23製品の回収を始めた中新薬業の本社=滑川市内

 医薬品製造販売の中新(ちゅうしん)薬業(滑川市)は26日までに、23製品の自主回収を始めた。国が認めた製造販売承認書と異なる方法で作ったり、記載のない添加物を使ったりしたため。寺﨑正之社長は「8、9月には承認書の記載と製品に差があると把握したが、その後、甘い考えで一部は製造を続けてしまった」と明かした。

 回収対象は多くが配置薬で、かぜや頭痛、歯痛に効果・効能がある。添加物の分量が異なる5製品、記載のない添加物が使われた1製品、使用期限内に承認規格外になる可能性のある8製品などが含まれる。いずれも重い健康被害の懸念はないという。全ての回収には1年以上かかる見通し。

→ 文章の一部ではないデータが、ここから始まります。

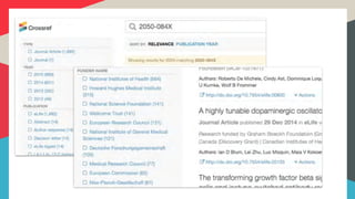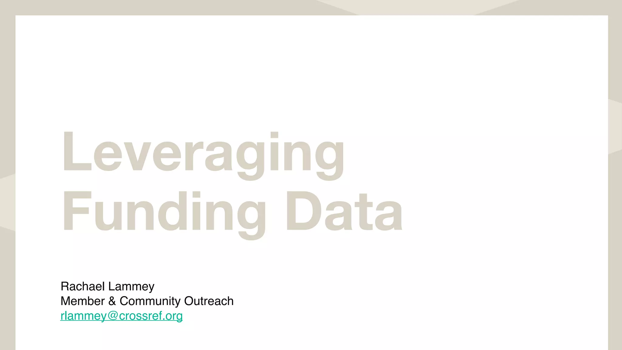 Crossref provides funding data services to help standardize and deposit funder information from published research. This includes using the Open Funder Registry to standardize funder names, having publishers deposit funding metadata, and performing large-scale analysis and reporting of funding information back to funders. Users can access funding data through the Crossref website and API.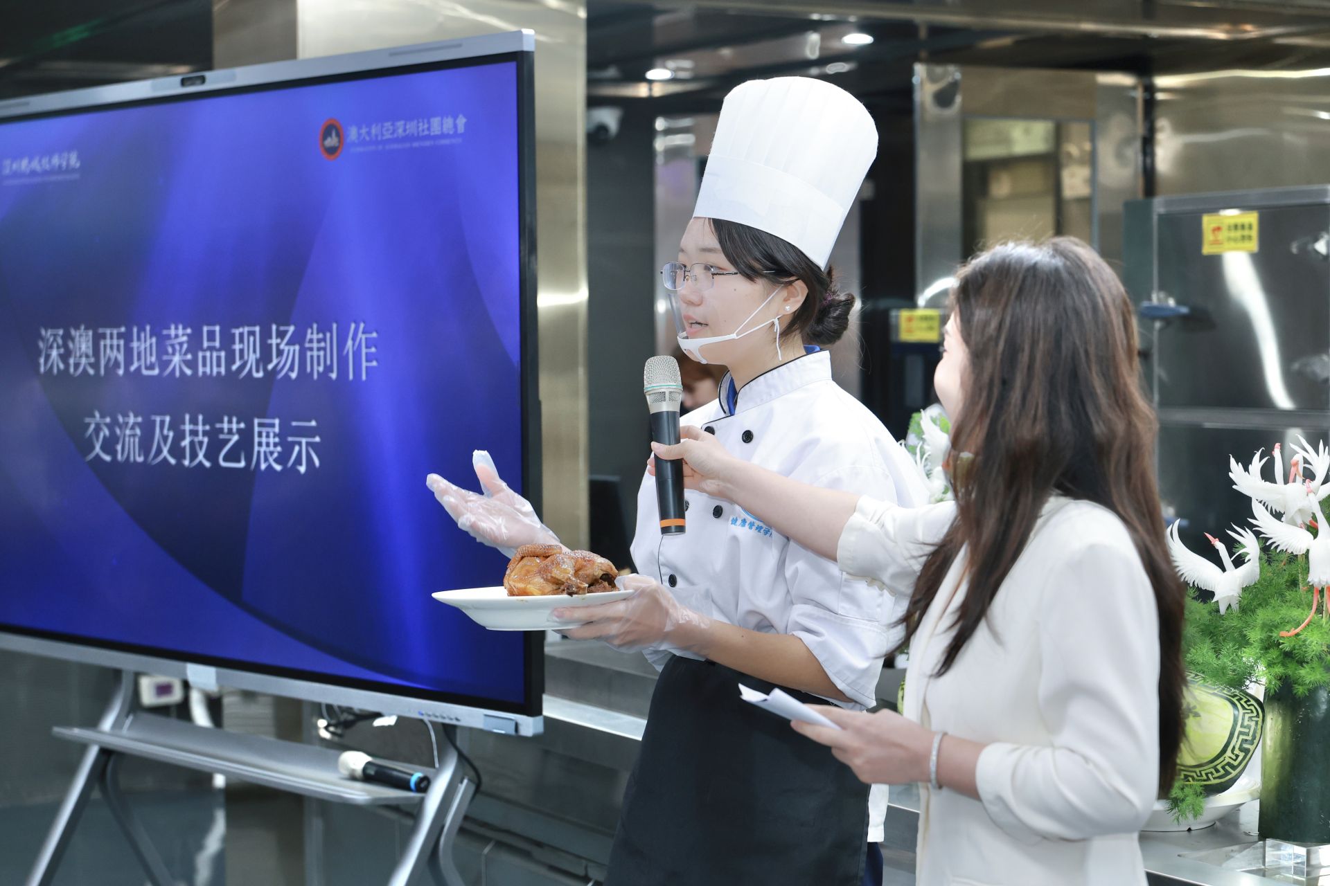 南澳海胆炒饭、脆炸沙井生蚝、火焰虾、钵酒焗蚝……11月18日下午,由深圳鹏城技师学院与澳大利亚深圳社团总会共同举办的“粤菜标准领航 深澳匠心共赏”厨艺交流活动在深圳鹏城技师学院广东省“粤菜师傅”海外交流基地举行。

 富山県による10月22日の抜き打ち調査で、製品が承認書通りに作られていないと指摘があった。ただ、それに先立つ8、9月、同社は承認書の記載との差異に気付いていた。本来なら承認書の変更手続きが必要と認識していたが、手続きにも時間や人が必要で、対応を後手に回し、一部の受注製品を作り続けた。

 承認書には20、30年前のものもあり、長く製造する中で少しずつ製造方法や分量が変わったという。

 寺﨑社長は「顧客や取引先に迷惑、心配をかけ、申し訳ない」と陳謝した。